[Task to complete]
An exact reproduction of the lines below, from the first through the one with "Tambov, Russian Federation", is the whole answer; pictures have no place in it.

━━━ Data supplied ━━━

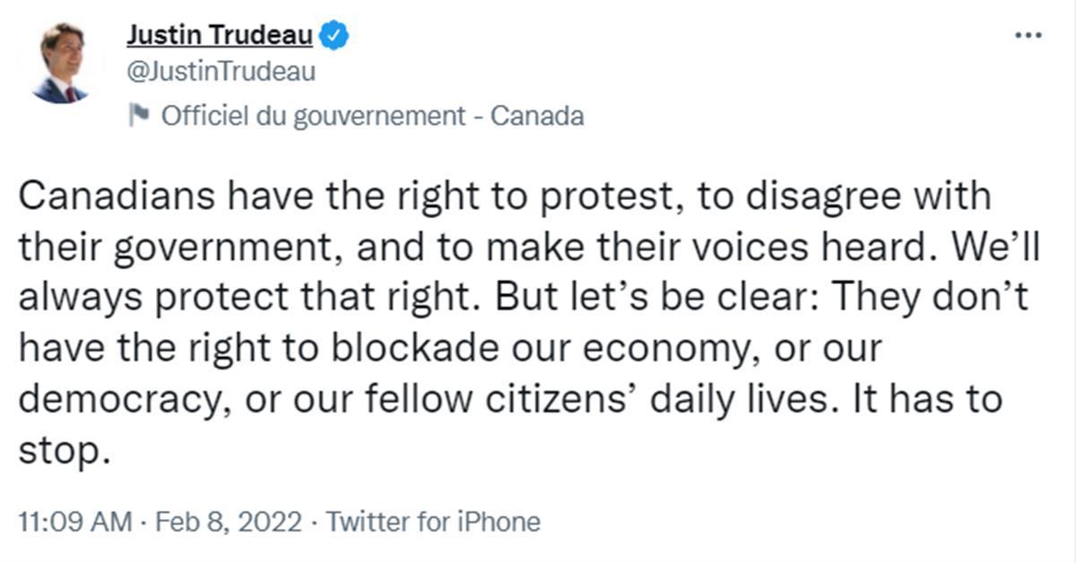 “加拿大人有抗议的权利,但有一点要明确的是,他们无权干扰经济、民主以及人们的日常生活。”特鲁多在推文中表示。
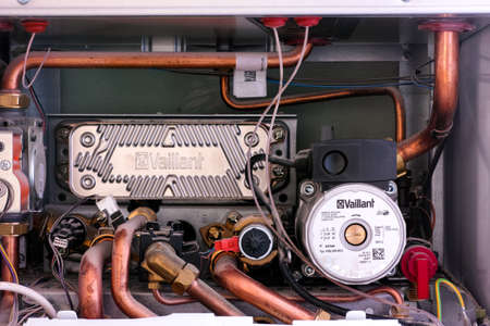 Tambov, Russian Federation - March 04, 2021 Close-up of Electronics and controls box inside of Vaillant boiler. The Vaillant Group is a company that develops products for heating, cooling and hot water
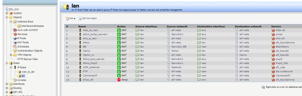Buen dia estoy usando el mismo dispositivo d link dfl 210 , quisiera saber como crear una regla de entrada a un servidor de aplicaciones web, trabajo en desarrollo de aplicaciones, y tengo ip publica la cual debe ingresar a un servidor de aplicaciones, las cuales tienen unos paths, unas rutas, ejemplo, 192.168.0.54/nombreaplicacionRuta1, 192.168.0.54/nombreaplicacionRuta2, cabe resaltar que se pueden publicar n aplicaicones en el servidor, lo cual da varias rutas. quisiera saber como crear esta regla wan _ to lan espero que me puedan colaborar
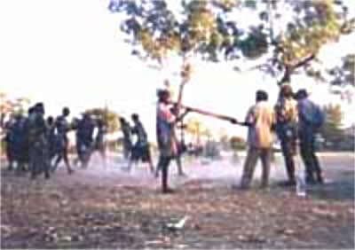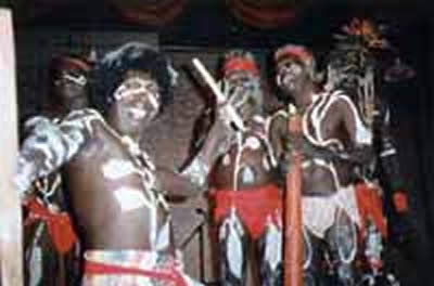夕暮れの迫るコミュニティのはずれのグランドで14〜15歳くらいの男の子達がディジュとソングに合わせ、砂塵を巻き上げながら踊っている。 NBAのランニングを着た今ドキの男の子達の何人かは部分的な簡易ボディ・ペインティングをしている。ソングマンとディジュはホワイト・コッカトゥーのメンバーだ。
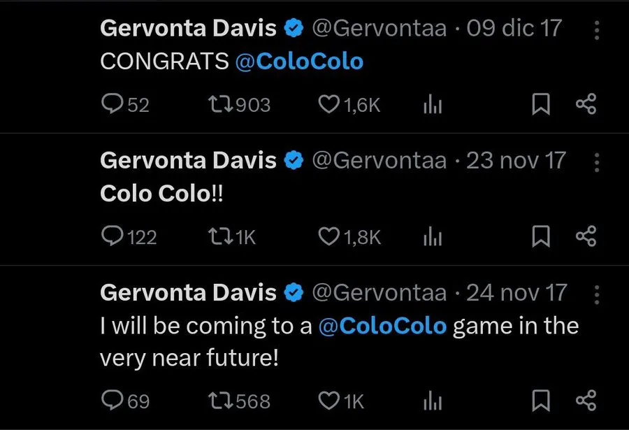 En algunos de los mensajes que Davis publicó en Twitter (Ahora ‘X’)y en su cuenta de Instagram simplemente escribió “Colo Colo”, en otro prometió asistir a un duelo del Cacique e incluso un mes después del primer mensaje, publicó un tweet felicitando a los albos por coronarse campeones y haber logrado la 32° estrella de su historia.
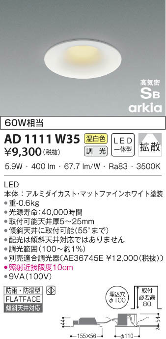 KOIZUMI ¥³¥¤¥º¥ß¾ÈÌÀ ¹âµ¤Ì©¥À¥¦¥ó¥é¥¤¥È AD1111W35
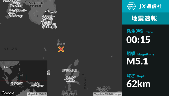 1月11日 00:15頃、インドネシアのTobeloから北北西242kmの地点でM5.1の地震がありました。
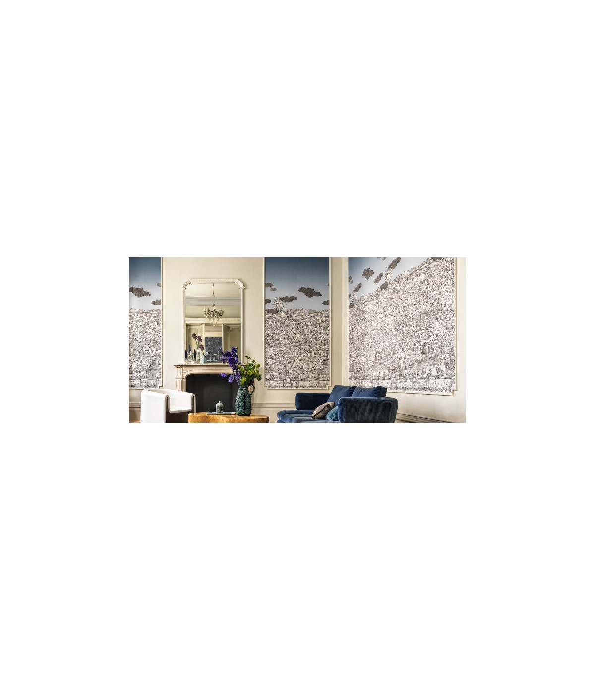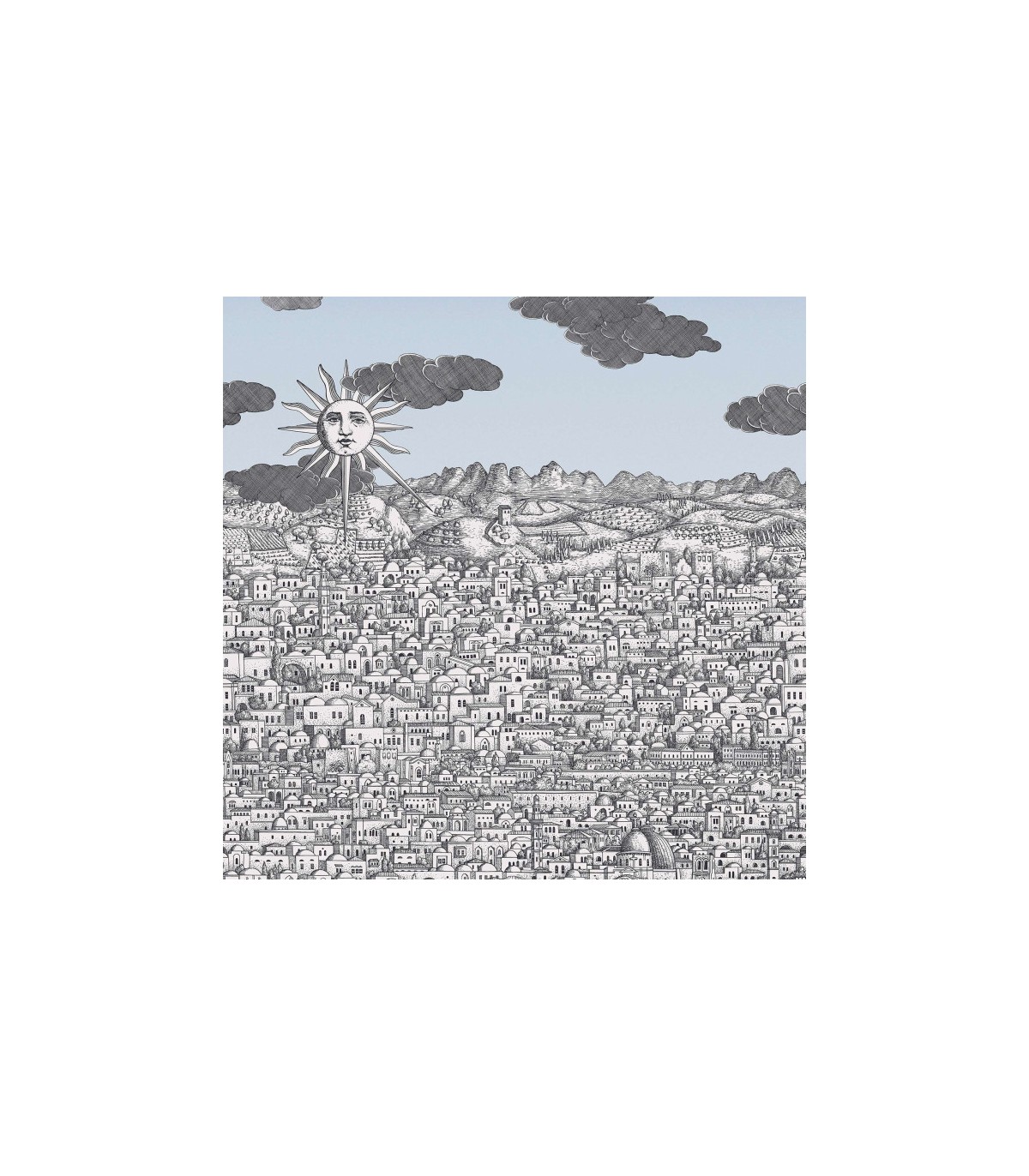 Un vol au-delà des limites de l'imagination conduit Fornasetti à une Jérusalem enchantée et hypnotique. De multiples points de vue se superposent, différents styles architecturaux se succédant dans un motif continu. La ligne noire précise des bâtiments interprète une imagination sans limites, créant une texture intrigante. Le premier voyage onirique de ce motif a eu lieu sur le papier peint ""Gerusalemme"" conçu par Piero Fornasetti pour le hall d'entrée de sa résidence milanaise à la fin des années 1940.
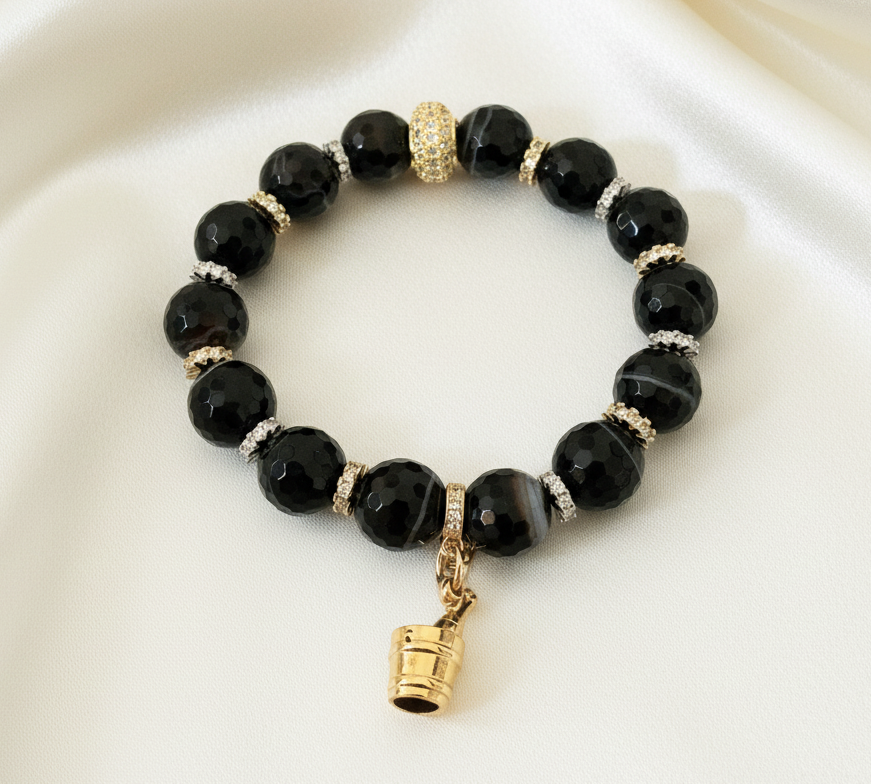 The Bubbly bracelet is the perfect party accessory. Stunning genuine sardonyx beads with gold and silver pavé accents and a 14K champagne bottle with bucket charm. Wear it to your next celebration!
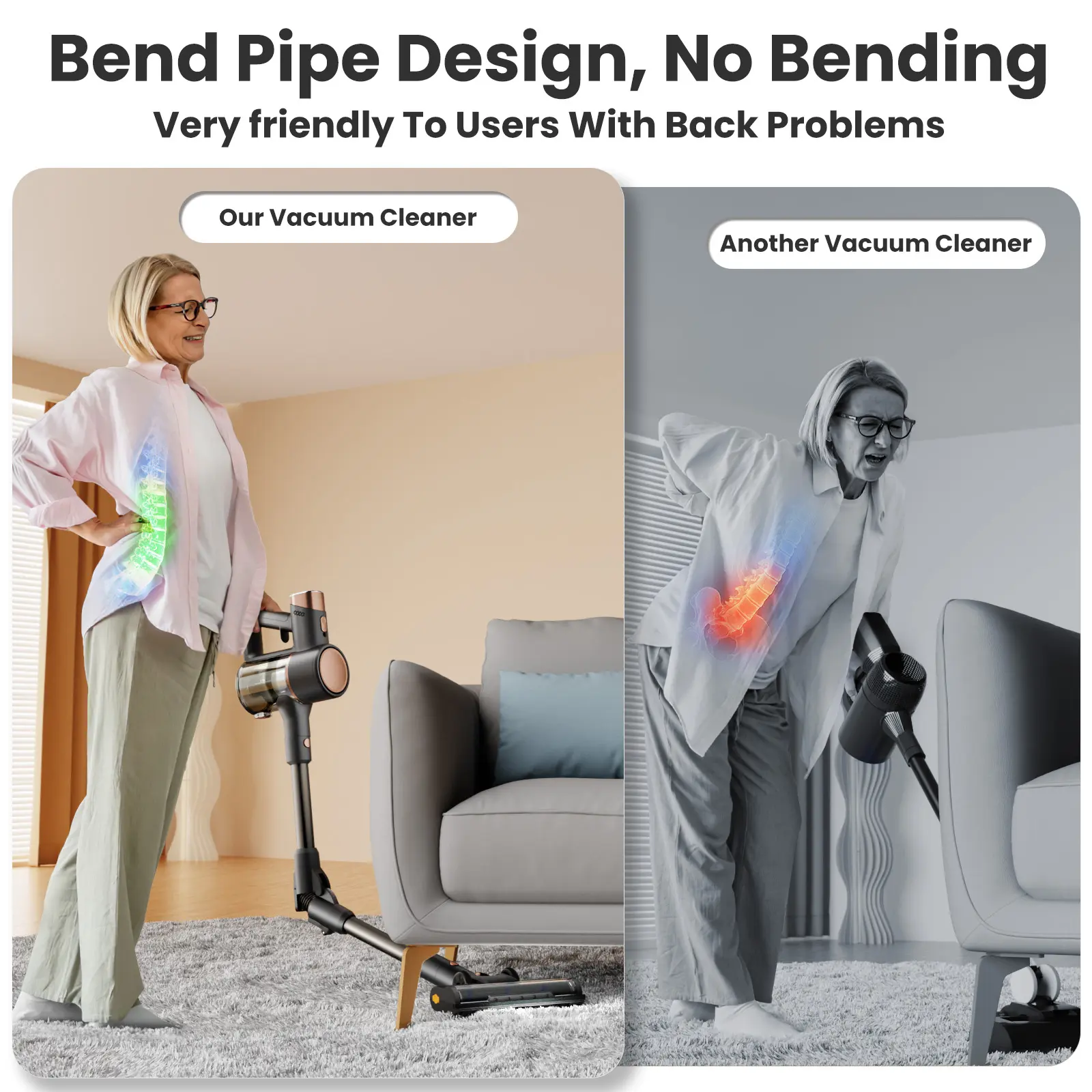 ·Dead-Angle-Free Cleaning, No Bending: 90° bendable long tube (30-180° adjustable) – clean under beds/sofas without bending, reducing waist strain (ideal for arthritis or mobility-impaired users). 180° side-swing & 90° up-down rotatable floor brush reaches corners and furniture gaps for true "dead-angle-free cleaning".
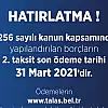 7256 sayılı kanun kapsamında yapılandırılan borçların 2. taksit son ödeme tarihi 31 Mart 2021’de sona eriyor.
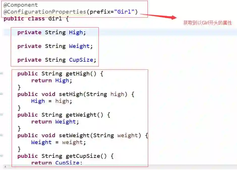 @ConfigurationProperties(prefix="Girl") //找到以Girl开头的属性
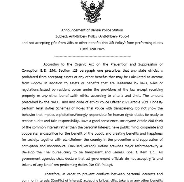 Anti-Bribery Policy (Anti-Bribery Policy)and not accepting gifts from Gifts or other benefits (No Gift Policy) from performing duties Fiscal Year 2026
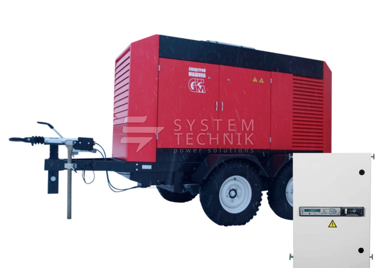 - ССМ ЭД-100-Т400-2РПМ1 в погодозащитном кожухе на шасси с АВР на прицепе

━━━

[Solved problem]
 “加拿大人有抗议的权利,但有一点要明确的是,他们无权干扰经济、民主以及人们的日常生活。”特鲁多在推文中表示。
 Tambov, Russian Federation - March 04, 2021 Close-up of Electronics and controls box inside of Vaillant boiler. The Vaillant Group is a company that develops products for heating, cooling and hot water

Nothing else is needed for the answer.